With contributors ranging in age from their 60s to their 90s, delivering their shaggy dog stories apparently to their contemporaries off camera (listen to the laughter), you can hear the rich tradition of storytelling coming through with the pace. It’s not rushed, the punchlines are delivered right, and every teller thoroughly enjoys the story almost as much as their audience does. Whether this is an exclusively Jewish tradition, who can say, and quite why all of the Jewish storytellers are from New York is another mystery, but the themes are good with sex, religion and family running through a lot of them, and every one weighted down with a humorous pragmatism.
“These are still our parents’ friends, giggling together illicitly…”
Maybe it’s this stoicism that marks it out as Jewish humour, with icons like Woody Allen and Rabbi Jackie Mason using this very trait as the backbone to a lot of their material. With a rich history of persecution it wouldn’t be unrealistic to claim it as a prime element of Jewish storytelling. But to be honest, apart from the odd “schmuck” thrown in, these are still our parents’ friends giggling together illicitly all over again.
This is the second bulk of Old Jews Telling Jokes for the BBC, and disappointedly there are only two episodes in this lot. Still, if it’s anything like last time (and BBC4 scheduling in general) they will be repeated into infinity, much like many old family members’ stories. In fact, one of these tales from the first episode was told to me many times growing up regardless of occasion, location or time of day (again, just like the BBC4 scheduling) by an older member of my own clan, and it’s still nice to hear it again after all of these years.

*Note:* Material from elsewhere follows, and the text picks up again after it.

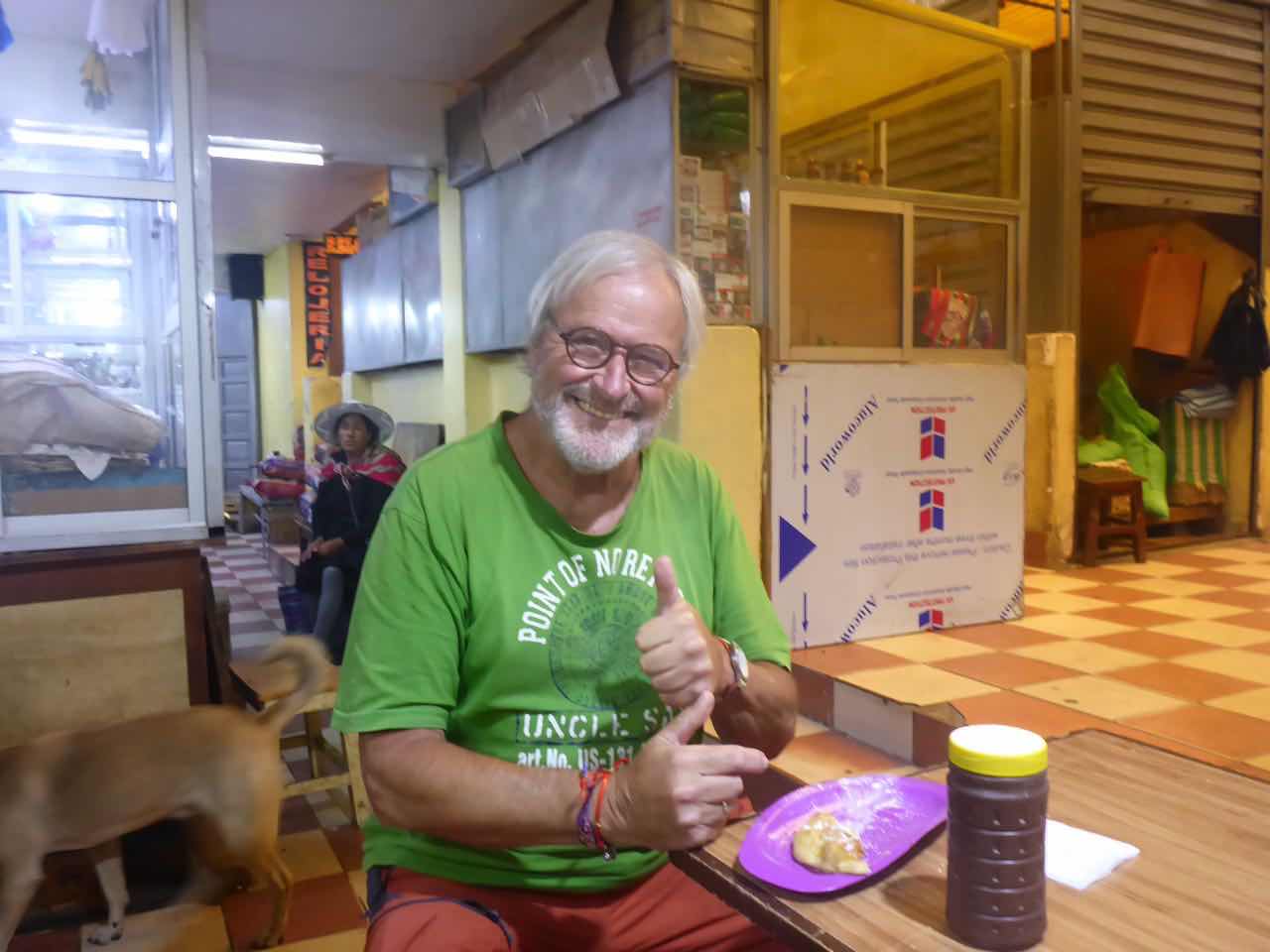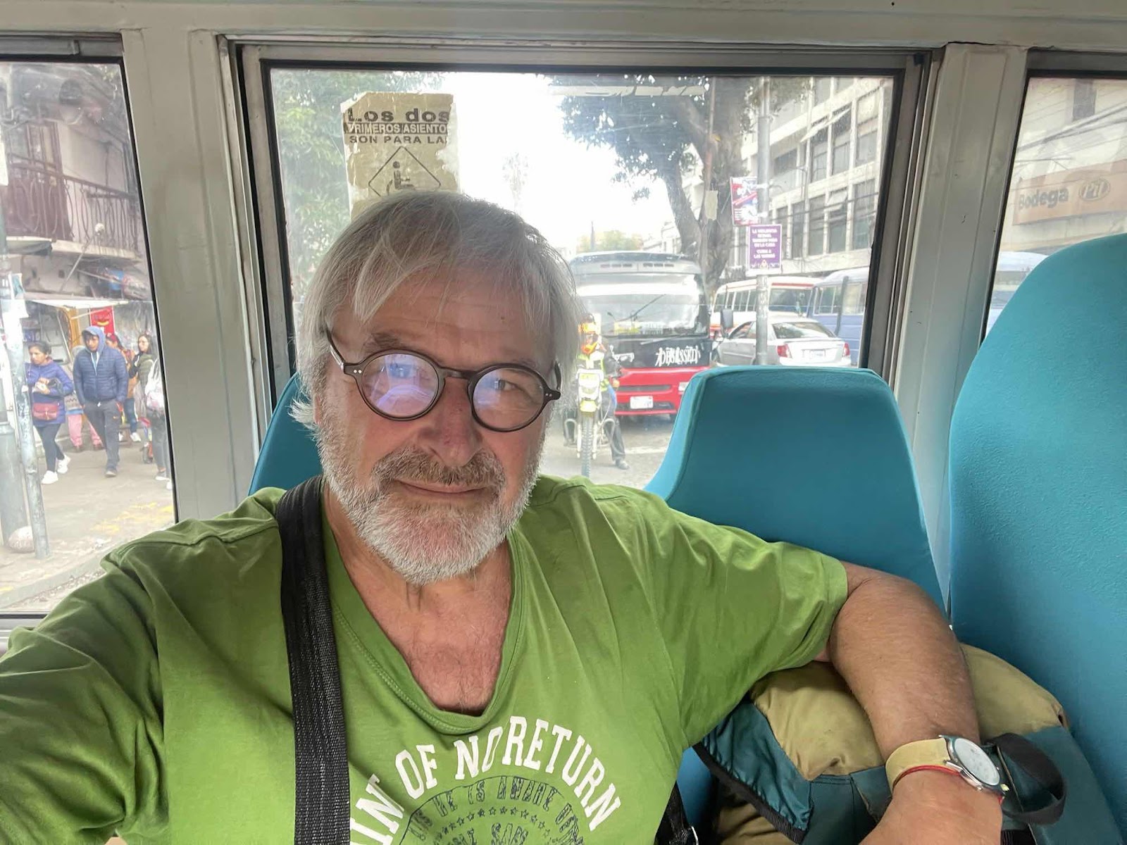 Er lächelte mich dabei so freundlich an, dass ich ihn gefragt habe, ob ich ein Foto machen darf. Er fragte dann zuerst seine Frau, aber die stimmte dem auch zu.Ich weiß, dass ich hier als Gringo ein Außenseiter bin und die Leute schauen auch etwas neugierig. Auch der Kokablätter-Fan dreht sich öfters zu mir um und lächelt dabei freundlich.

I’m not quite sure what the BBC is trying to do with this programme. It has no introduction, no particular format except a group of people standing up one by one in a studio and speaking to the camera. Is it a sociological study? Is it a collection of shorts that’s simply been released as a visual EP? Whatever it is, it’s engaging and somehow comforting. Bed is just around the corner, and although sometimes these older folk are a little bit rude, they’re never crude, always using tempered language with just the right vocabulary. Well they should do, they’ve told the stories enough times.
More Old Jews Telling Jokes, BBC4, Wednesday 28 November 2012.